Human beings are social animals, and our first instinct is to trust others. Con men, of course, have long known this - their craft consists largely of playing on this predilection, and turning it to their advantage.
But recently, behavioral scientists have also begun to unravel the inner workings of trust. Their aim is to decode the subtle signals that we send out and pick up, the cues that, often without our knowledge, shape our sense of someone's reliability.

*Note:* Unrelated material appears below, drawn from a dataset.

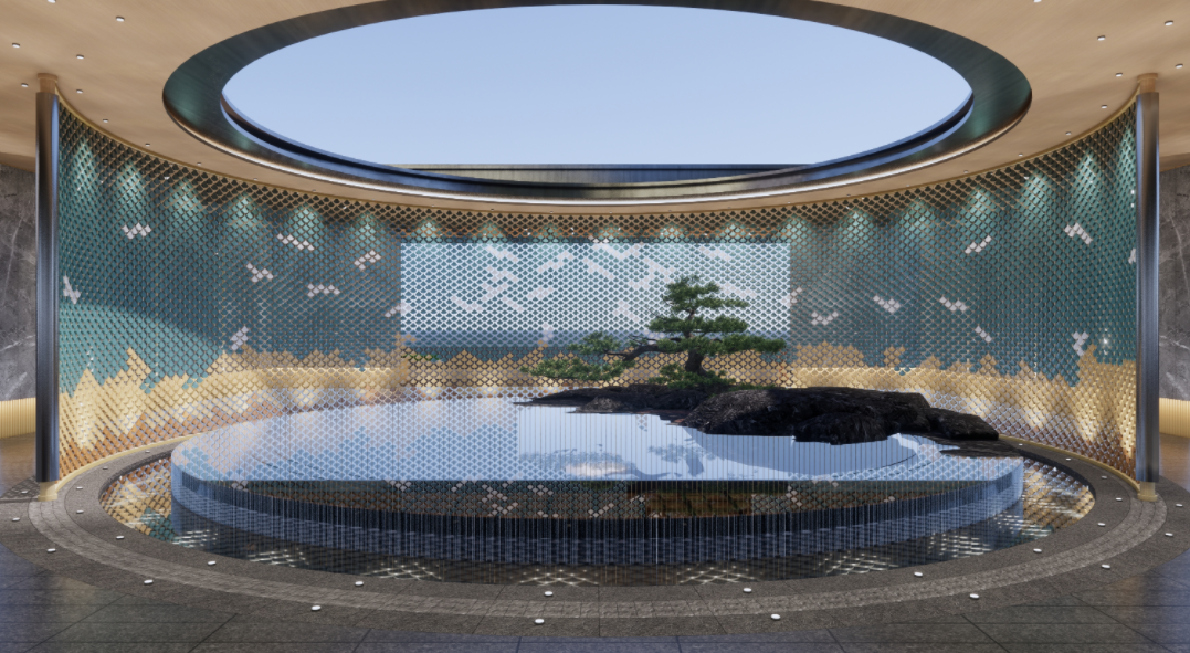 三进礼序入院,取自李唐《万壑松风图》意境的下沉庭院,采用了叠水瀑布,松树、石头、连桥、廊亭、瀑布的层叠布局,把画放进园林,走进园林就有了游园如画的意境。

Researchers have discovered that surprisingly small factors - where we meet someone, whether their posture mimics ours, even the slope of their eyebrows or the thickness of their chin - can matter as much or more than what they say about themselves. We size up someone's trustworthiness within milliseconds of meeting them, and while we can revise our first impression, there are powerful psychological tendencies that often prevent us from doing so - tendencies that apply even more strongly if we've grown close.
"Trust is the baseline," says Susan Fiske, a social psychologist at Princeton University. "Trustworthiness is the very first thing that we decide about a person, and once we've decided, we do all kinds of elaborate gymnastics to believe in people."
According to researchers, the subtler aspects of body language or physiognomy are difficult, if not impossible, to manipulate. But what has become public about Gerhartsreiter's methods - his preppy clothes, penchant for approaching people at country clubs and society events, and modest hints at a storied lineage - matches up with a body of research that suggests just how powerful signals of common identity and status can be, and how they can override our better judgment.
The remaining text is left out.